++++ Task material ++++
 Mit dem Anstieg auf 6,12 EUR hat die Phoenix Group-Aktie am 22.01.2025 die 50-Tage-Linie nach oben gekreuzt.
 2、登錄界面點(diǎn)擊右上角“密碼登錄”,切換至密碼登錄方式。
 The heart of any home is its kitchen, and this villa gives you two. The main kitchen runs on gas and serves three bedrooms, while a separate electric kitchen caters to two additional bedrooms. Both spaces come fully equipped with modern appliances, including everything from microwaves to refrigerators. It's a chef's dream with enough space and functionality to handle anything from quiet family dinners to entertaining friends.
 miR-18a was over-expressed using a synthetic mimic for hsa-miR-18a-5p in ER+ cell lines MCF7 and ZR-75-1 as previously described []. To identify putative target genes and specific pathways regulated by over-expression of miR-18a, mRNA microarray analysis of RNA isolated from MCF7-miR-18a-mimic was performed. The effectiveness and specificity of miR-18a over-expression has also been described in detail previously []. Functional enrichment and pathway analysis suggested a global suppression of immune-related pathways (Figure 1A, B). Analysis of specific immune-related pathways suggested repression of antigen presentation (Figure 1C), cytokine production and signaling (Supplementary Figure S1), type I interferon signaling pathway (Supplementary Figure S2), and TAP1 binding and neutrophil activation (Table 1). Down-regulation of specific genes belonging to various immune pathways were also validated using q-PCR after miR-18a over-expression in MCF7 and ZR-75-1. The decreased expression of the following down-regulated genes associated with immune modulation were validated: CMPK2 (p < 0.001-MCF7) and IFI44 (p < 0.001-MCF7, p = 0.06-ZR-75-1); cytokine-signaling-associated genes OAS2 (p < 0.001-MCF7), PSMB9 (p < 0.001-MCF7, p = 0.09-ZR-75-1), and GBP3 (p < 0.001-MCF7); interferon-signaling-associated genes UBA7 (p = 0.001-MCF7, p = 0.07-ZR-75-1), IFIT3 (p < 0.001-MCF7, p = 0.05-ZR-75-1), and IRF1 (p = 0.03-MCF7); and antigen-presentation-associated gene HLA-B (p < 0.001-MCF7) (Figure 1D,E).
++++
++++ Task material ++++
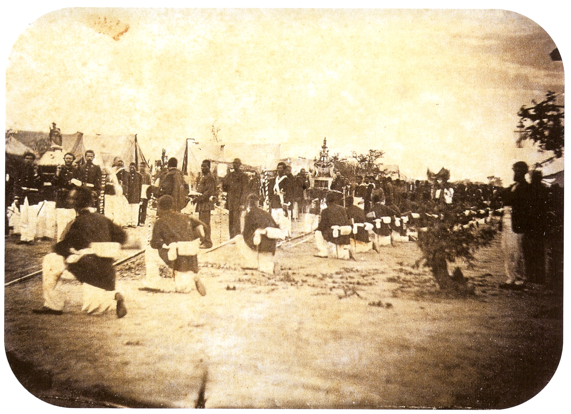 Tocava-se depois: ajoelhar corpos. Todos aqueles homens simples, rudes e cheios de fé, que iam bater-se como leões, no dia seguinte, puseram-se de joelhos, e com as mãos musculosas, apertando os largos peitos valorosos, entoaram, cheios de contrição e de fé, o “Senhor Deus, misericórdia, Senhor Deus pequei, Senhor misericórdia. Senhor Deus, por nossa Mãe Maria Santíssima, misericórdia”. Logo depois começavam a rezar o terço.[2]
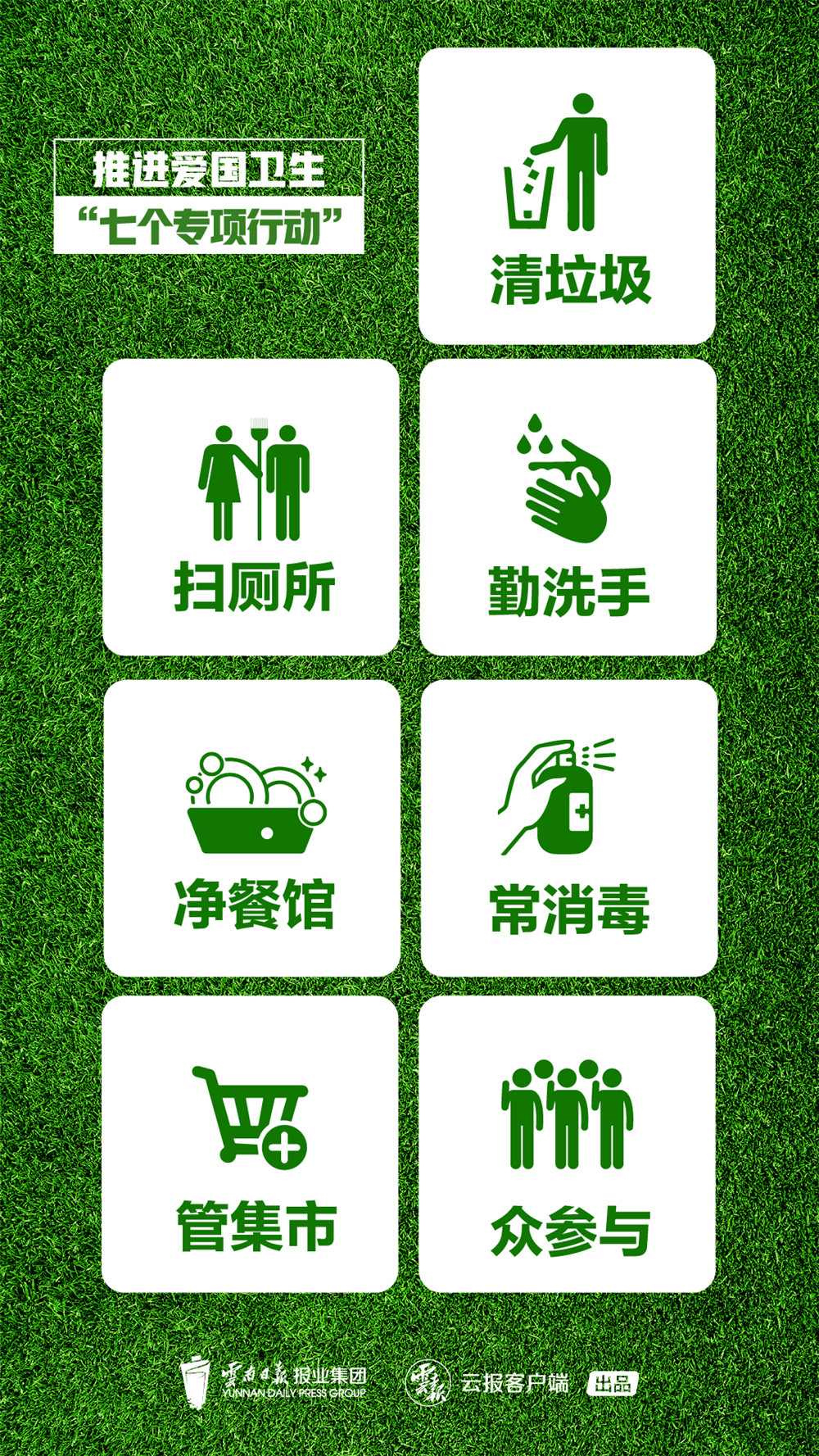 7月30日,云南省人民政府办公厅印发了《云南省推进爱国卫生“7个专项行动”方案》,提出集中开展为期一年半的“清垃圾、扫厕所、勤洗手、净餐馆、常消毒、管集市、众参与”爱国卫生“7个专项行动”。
++++
Instructions for the task
Write out, word for word, the stretch of entries that begins at the line with "Tocava-se depois: ajoelhar" and ends at the line with "7月30日,云南省人民政府办". Pictures do not belong in it.

Written answer
 Tocava-se depois: ajoelhar corpos. Todos aqueles homens simples, rudes e cheios de fé, que iam bater-se como leões, no dia seguinte, puseram-se de joelhos, e com as mãos musculosas, apertando os largos peitos valorosos, entoaram, cheios de contrição e de fé, o “Senhor Deus, misericórdia, Senhor Deus pequei, Senhor misericórdia. Senhor Deus, por nossa Mãe Maria Santíssima, misericórdia”. Logo depois começavam a rezar o terço.[2]
 7月30日,云南省人民政府办公厅印发了《云南省推进爱国卫生“7个专项行动”方案》,提出集中开展为期一年半的“清垃圾、扫厕所、勤洗手、净餐馆、常消毒、管集市、众参与”爱国卫生“7个专项行动”。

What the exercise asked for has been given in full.